Raising the Digital Generation: What Parents Need to Know About Digital Media and Learning

A few weeks ago, I was asked to represent the School of Communications by giving a talk for Trojans Parent Weekend at USC. (For those who do not follow American universities and their team mascots, the Trojans is the name for the USC sports team and thus, the name that is attached to anyone affiliated with the university.) Below, you can find the webcast version of my remarks, which sought to congratulate parents on their obvious success in raising a child smart enough to become part of our student body and to challenge some of their preconceptions about the forms of informal learning their offspring may have encountered in the course of their interactions with new media platforms and practices.
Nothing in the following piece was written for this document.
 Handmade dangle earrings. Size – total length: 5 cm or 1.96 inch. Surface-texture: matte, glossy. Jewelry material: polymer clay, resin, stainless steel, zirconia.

I felt that this talk might be of interest to my readers, many of whom are educators and/or parents, and who have displayed in the past great interest in my posts on new media and learning. Parents receive so little advice about how to confront the real challenges of navigating the digital environment which is unfamiliar to them and often to their children. Most often, they are told just say no. The more you restrict media use, the better parent you are. And for God's sake, keep the computer out of the kid's bedroom. But none of that feels adequate for a world where there is real learning taking place on line, where learning to navigate the new media environment is going to be key for your offspring's future success. Our schools are already blocking access to many of these core technologies and often refusing to advise youth about how to use them ethically, safely, and creatively. If parents start shutting off computers in the home, they really do close down potentials for their children's growth and development. And if they start snooping through their young person's internet accounts, they run the risk of damaging trust that is going to be vital for their long term relationship. My core advice to parents: Kids need someone to watch their back and not snoop over their shoulders. They need adults who are as engaged in their online lives as they are with their off-line lives -- not less and not more.
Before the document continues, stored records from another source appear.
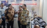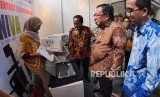 Menristek/Kepala BRIN Bambang Brodjonegoro (kedua kanan) bersama Rektor ITB Kadarsah Suryadi (kedua kiri) dan Direktur Keuangan SCNP Setiyo Bonorowanto (kanan) meninjau purwarupa Perangkat Medis Non Invasive Vascular Analyzer (NIVA) di Gedung CRCS ITB, Bandung, Jawa Barat, Kamis (12/12). (FOTO : Yogi Ardhi/Republika)
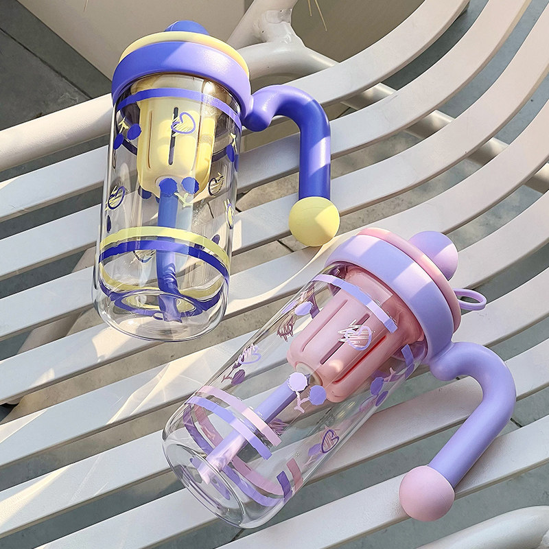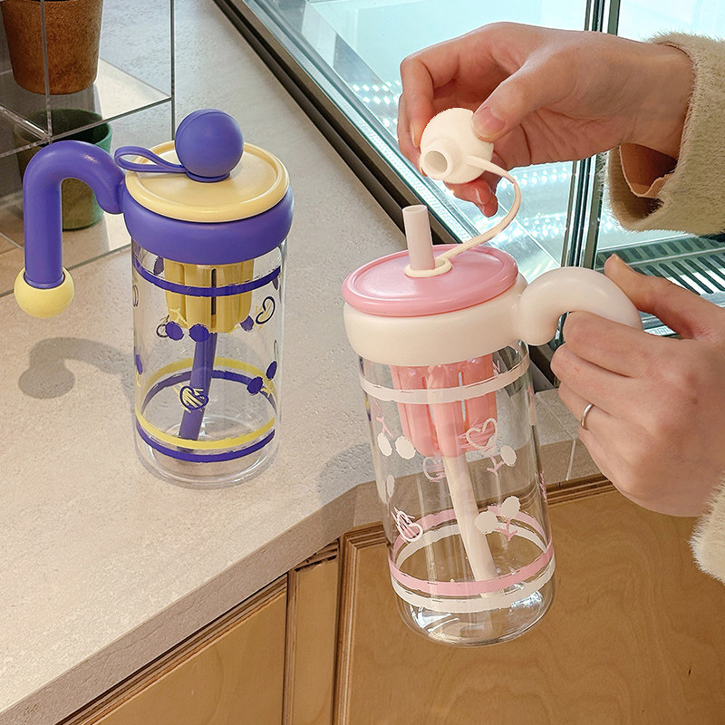 可爱卡通玻璃杯大容量水杯2024新款女杯子办公室家用牛奶杯奶茶杯
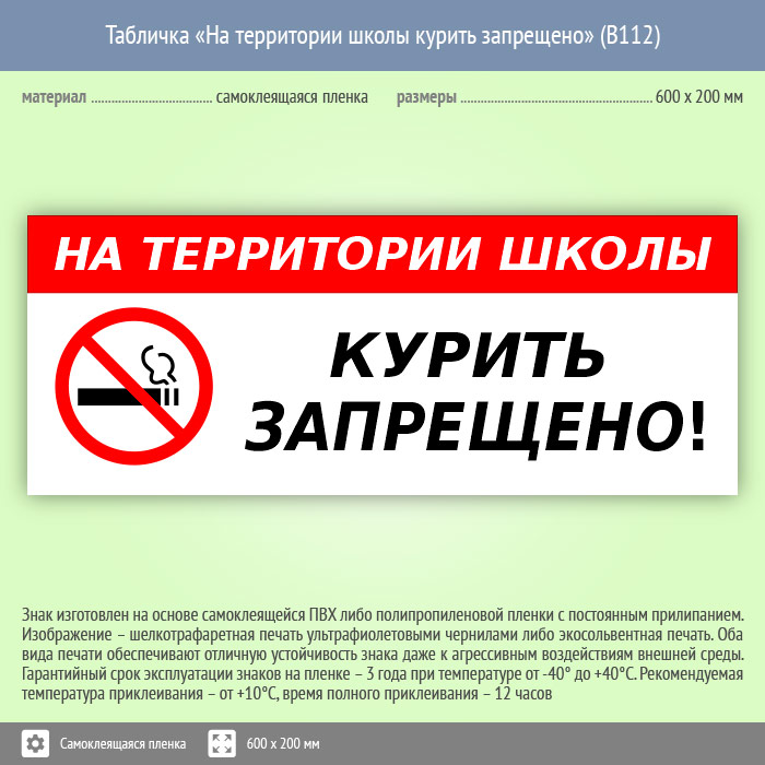 Табличка «На территории школы курить запрещено», B112 (пленка, 600х200 мм) в Магнитогорске купить
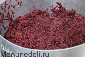 Вместе с бульоном начинают варить и свёклу. Доводят её до готовности, очищают, натирают на крупной терке и ставят пассероваться в растительном масле.

Some of what you hear here will be familiar, reflecting other talks and essays I've published on the work of Project New Media Literacies. Some will be newer, having to do with my ongoing projects in the area of youth, new media, and civic engagement.
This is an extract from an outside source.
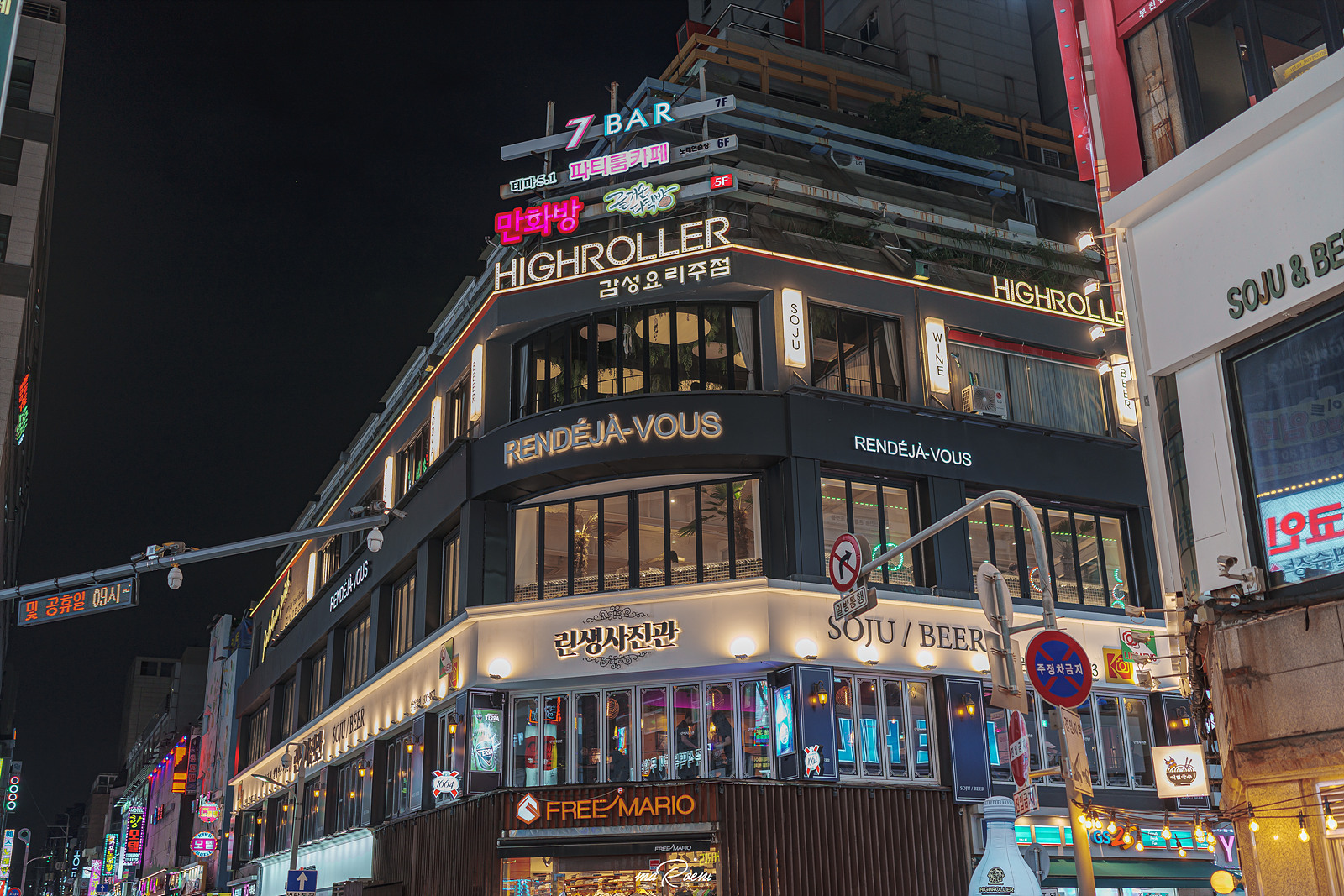 랑데자뷰에서 내려다보는 로데오거리 뷰. 여긴 주간이나 야간이나 아프리카? 유튜브? 아무튼 스트리밍 방송을 하는 사람들을 많이 접할 수 있는 장소다. 인터넷에서 흔히 말하는 문신 돼지들도 많고 욕을 듣기 싫을 정도로 내뱉는 잼민이들도 많은.. 아무튼 필자의 정서적 취향에는 맞지 않는 그런 장소다.
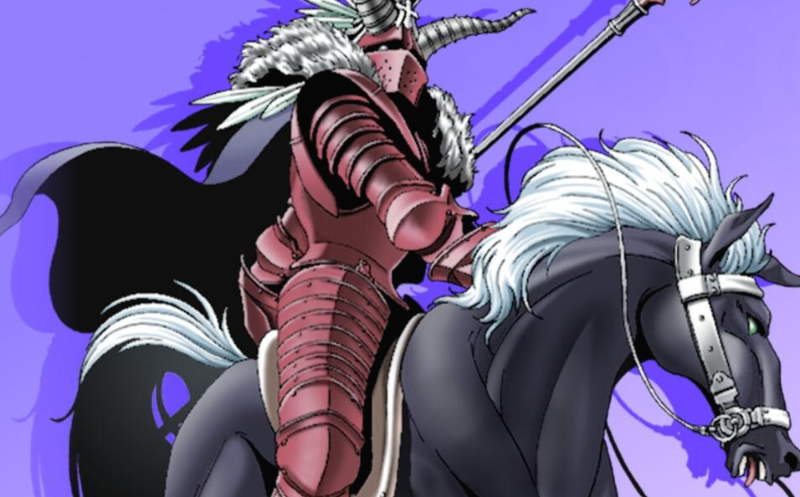 칠흑 갑옷을 입고 검은 말에 탄 기사의 모습으로 나타난다고 한다.

I mentioned there in passing that we are in the process of creating the Participatory Culture and Learning Lab in the Annenberg School. Participatory Culture has long been the over-arching theme of my work, whether applied to think about creative industries and consumer/fan culture, new media literacies and education, or civic engagement. Over the past year, I have been transitioning out of many of the research roles I played through the MIT Comparative Media Studies Program and consolidating my research efforts here at USC. I have been lucky to draw several key members of my research staff on the East coast to join me here in sunny California -- including Erin Reilly who has long been the research director of the New Media Literacies team (and now is building affiliations with the Annenberg Innovation Lab) -- and I have reunited with Sangita Shreshtova, a CMS alum, who is now Research Director for the work we are doing on civic engagement with the MacArthur and Spencer Foundations. PCL (which people are already calling Pickle) represents an umbrella organization which will sustain these efforts while opening up a space for new research initiatives down the line.